In this example, let's say we are working with 100 human samples, and we are trying to calculate Inbreeding Coefficient at a site that has A for the reference allele and T for the alternate allele.

### Step 1: Count the number of samples that have each genotype

HOM-REF A/A : 51

HET A/T : 11

HOM-VAR T/T : 38

### Step 2: Get all necessary information to solve equation

We need to find the # observed hets and # expected hets:

$$ \text{number of observed hets} = 11 $$

from the number of observed A/T given above, and

$$ \text{number of expected hets} = 2pq * \text{total genotypes} $$

where `2pq`

is the frequency of heterozygotes according to Hardy-Weinberg Equilibrium.

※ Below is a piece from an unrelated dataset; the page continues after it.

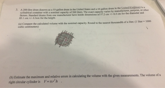 Solved A 200 Litre Drum Known As A 55 Gallon Drum In The

We need to multiply that frequency by the number of all genotypes in the population to get the expected number of heterozygotes.

So let's calculate `p`

:

$$ p = \text{frequency of ref allele} = \frac{ \text{# ref alleles} }{ \text{total # alleles} } $$

$$ p = \frac{ 2 * 51 + 11 }{ 2 * 51 + 11 * 2 + 38 * 2} $$

$$ p = \frac{ 113 }{ 200 } = 0.565 $$

And now let's calculate `q`

:

$$ q = \text{frequency of alt allele} = \frac{ \text{# alt alleles} }{ \text{total # alleles} } $$

$$ q = \frac{ 2 * 38 + 11 }{ 2 * 51 + 11 * 2 + 38 * 2 } $$

$$ q = 87/200 = 0.435 $$

Remember that homozygous genotypes have two copies of the allele of interest (because we're assuming a diploid organism).

$$ \text{number of expected hets} = 2pq * 100 $$

$$ = 2 * 0.565 * 0.435 * 100 = 49.155 $$

### Step 3: Plug in the Numbers

$$ \text{Inbreeding Coefficient} = 1 - \frac{ \text{# observed hets} }{ \text{#expected hets} } $$

$$ \text{IC} = 1 - \frac{ 11 }{49.155} = 0.776 $$

### Step 4: Interpret the output

Our Inbreeding Coefficient is 0.776. Because it is a positive number, we can see there are fewer than the expected number of heterozygotes according to the Hardy-Weinberg Principle. Too few heterozygotes can imply inbreeding. Depending on the cohort we are working with, this could be a sign of false positives.